Увидела побелевшие глаза матери на ставшем вдруг неопрятно рыхлом лице и повернула нож в ране еще раз:

— Не надо делать страшные глаза. Ты отлично знаешь, о каком убийстве идет речь. И я теперь это знаю. Я могу понять’ когда убивают в состоянии аффекта, под влиянием порыва, но ради выгоды, чужими руками… это мерзко, отвратительно!

Лиза ожидала взрыва негодования, ожидала, что мать закричит ей: «Выгода тебе, сучонке, не нравится? Брезгуешь? А на какие деньги тебя в Вайсвальде обучали? На какие деньги тебя одевают? На какие деньги у тебя Интернет круглосуточно работает?» — и вцепится дочери в волосы. Но получилось то, что не могло бы привидеться Лизе и в самом неправдоподобном кошмаре: мать улыбнулась. Все шире и шире расползалась улыбка по разрыхленному лицу, словно краска, которую плеснули на кусок марли.

— Лизочка, — Татьяна Плахова заныла-запела необычайно сладким голосом, от которого у Лизы ослабели колени, — выслушай маму. Сначала выслушай, а потом обвиняй.

Отступив к модному пуфу из плотного, как резина, розового материала, Лиза села, почти повалилась на него. Думала, что, когда присядет, станет легче, но не стало. Ноябрьский холод постепенно утекал из нее, зато взамен голову заполняло горячее марево.
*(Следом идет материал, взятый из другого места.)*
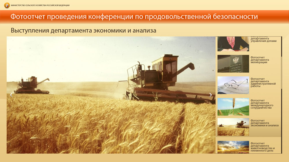 Интерактивный инфографический проект Министерства сельского хозяйства, состоящий из презентации и программы ситуационного центра для мониторинга и прогнозирования состояний.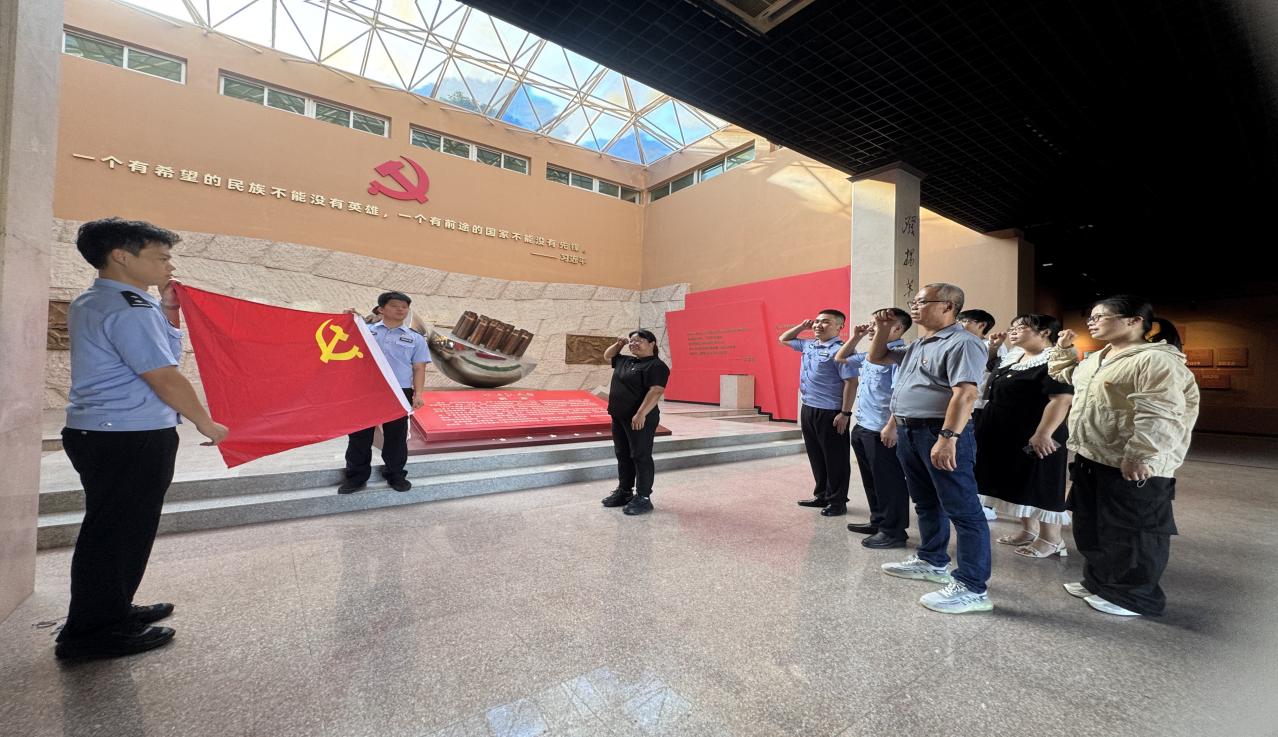 随后,队伍移步至烈士纪念馆参观。馆内陈列的历史文物、珍贵图片和文献资料,生动再现了革命先辈们为了民族存亡和人民幸福,不畏强暴、血战到底的英雄事迹。党员们驻足凝视,认真聆听讲解,深刻感受那段烽火岁月的艰难曲折和先烈们视死如归、宁死不屈的民族气节,不畏强暴、血战到底的英雄豪情。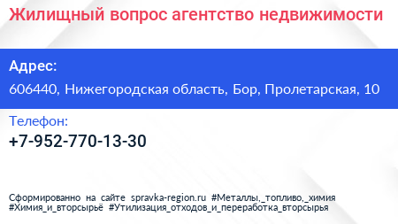 Жилищный вопрос, агентство недвижимости по адресу 606440, Нижегородская область, Бор, Пролетарская, 10 в дальнейшем Организация, размещена в следующих категориях: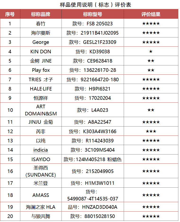 標(biāo)稱品牌“春竹”“KIN DON”“ART DOMAIN&SM”“JINJU金菊”“與狼共舞”5款樣品存在中度起球;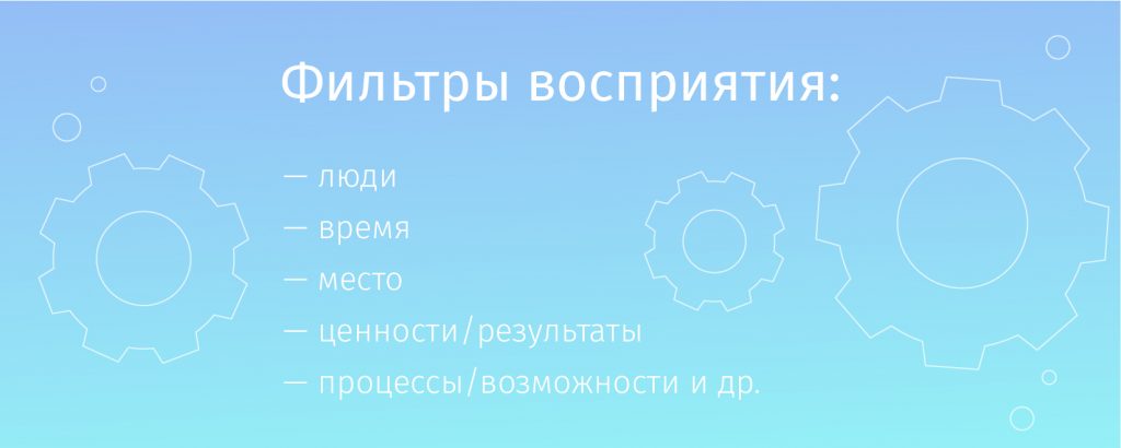 Фильтры «люди», «время», «место» являются очень простыми, отвечают на вопрос «кто?», «когда?», «где?». Фильтры восприятия «ценности/результаты» отвечают на вопрос «зачем мы это делаем?»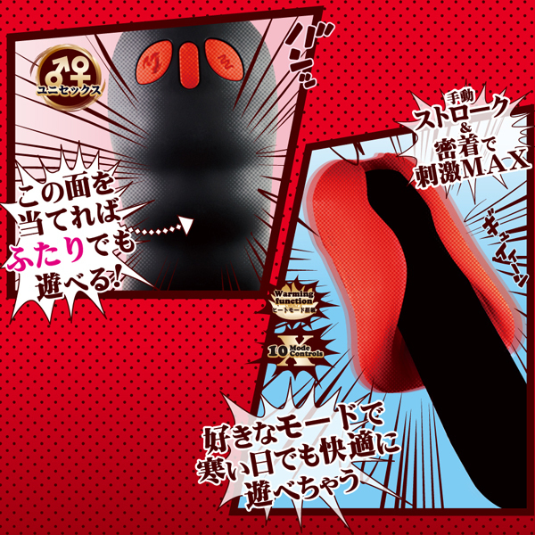 寒い季節に嬉しい温感機能が付いたUSB充電式の電動オナホ。シリコンボディが優しく包み込みブルブルと振動!10種類の振動パターンが豊富な刺激を味わわせてくれる♪しっかり密着させながらストロークすれば気持ちよさ倍増!ヒートモードを加えることで寒くても快適に楽しめます。また、使い方次第で男女一緒での使用も可能◎丸ごと洗える防水製、150分充電で100分稼働可能

— Я… обвиняю, мама? Я не обвиняю. Я просто знаю. Знаю, и все. И что теперь с этим поделать?

— А что с этим поделать? Всегда есть что-то, с чем нужно что-то делать. Ты у нас росла в холе и неге, жизни не знала, а в жизни, Лизончик, столько злых людей! И каждый смотрит, как бы кусок из чужого рта урвать. Сколько сил в нашей поганой стране надо приложить, пока на ноги встанешь! А как на ноги встанешь, каждый норовит тебя с ног сбить, чтоб за твой счет возвыситься. Вот и приходится защищаться. А нам с отцом кроме себя приходилось защищать тебя и Бореньку. Сколько труда нам стоило скопить денежек, чтобы не только себе на жизнь, чтобы еще было что детям оставить…

— Мама, — перебила Лиза, — что ты, как нищенка, прибедняешься? Разве вы с отцом были такие уж бедные, разве с хлеба на воду перебивались?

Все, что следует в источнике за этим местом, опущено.